→ **Your instructions**
Please repeat, from the entries that follow, the lines from the one containing "Në tremujorin e" through the one containing "Table 10 Hull" exactly, adding nothing.

→ **Provided entries**
----

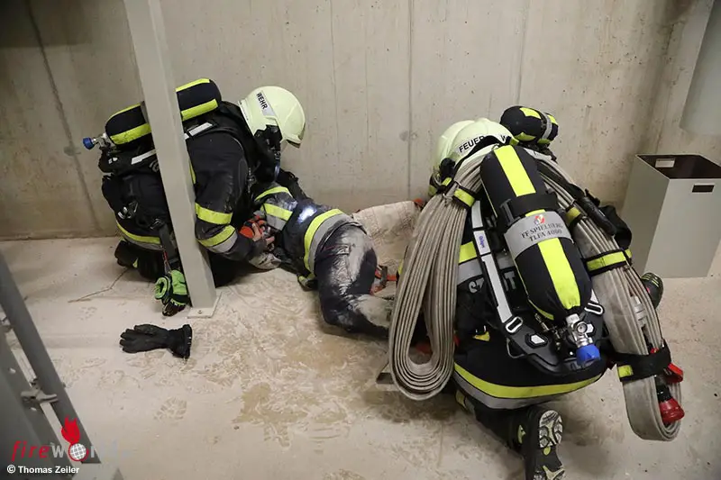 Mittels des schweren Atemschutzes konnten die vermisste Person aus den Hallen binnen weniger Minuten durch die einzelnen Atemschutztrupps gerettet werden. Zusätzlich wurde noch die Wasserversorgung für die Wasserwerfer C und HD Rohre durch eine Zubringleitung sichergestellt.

----

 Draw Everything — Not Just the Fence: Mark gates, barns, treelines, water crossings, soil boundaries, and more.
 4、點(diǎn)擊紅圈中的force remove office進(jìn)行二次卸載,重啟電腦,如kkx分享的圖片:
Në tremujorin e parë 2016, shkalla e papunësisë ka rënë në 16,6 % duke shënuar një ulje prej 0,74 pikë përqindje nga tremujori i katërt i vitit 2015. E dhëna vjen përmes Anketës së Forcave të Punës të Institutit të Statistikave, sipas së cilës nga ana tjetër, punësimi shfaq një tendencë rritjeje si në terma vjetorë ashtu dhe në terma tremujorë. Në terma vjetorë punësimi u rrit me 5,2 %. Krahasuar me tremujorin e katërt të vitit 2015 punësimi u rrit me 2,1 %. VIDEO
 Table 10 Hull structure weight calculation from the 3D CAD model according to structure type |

----

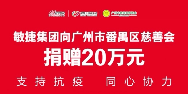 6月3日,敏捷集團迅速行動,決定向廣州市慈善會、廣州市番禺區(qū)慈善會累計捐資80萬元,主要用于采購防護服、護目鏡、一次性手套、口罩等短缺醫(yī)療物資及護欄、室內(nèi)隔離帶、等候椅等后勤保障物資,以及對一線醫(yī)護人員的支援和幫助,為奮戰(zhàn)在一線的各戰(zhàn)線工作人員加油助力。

----

→ **Reply to the exercise**
Në tremujorin e parë 2016, shkalla e papunësisë ka rënë në 16,6 % duke shënuar një ulje prej 0,74 pikë përqindje nga tremujori i katërt i vitit 2015. E dhëna vjen përmes Anketës së Forcave të Punës të Institutit të Statistikave, sipas së cilës nga ana tjetër, punësimi shfaq një tendencë rritjeje si në terma vjetorë ashtu dhe në terma tremujorë. Në terma vjetorë punësimi u rrit me 5,2 %. Krahasuar me tremujorin e katërt të vitit 2015 punësimi u rrit me 2,1 %. VIDEO
 Table 10 Hull structure weight calculation from the 3D CAD model according to structure type |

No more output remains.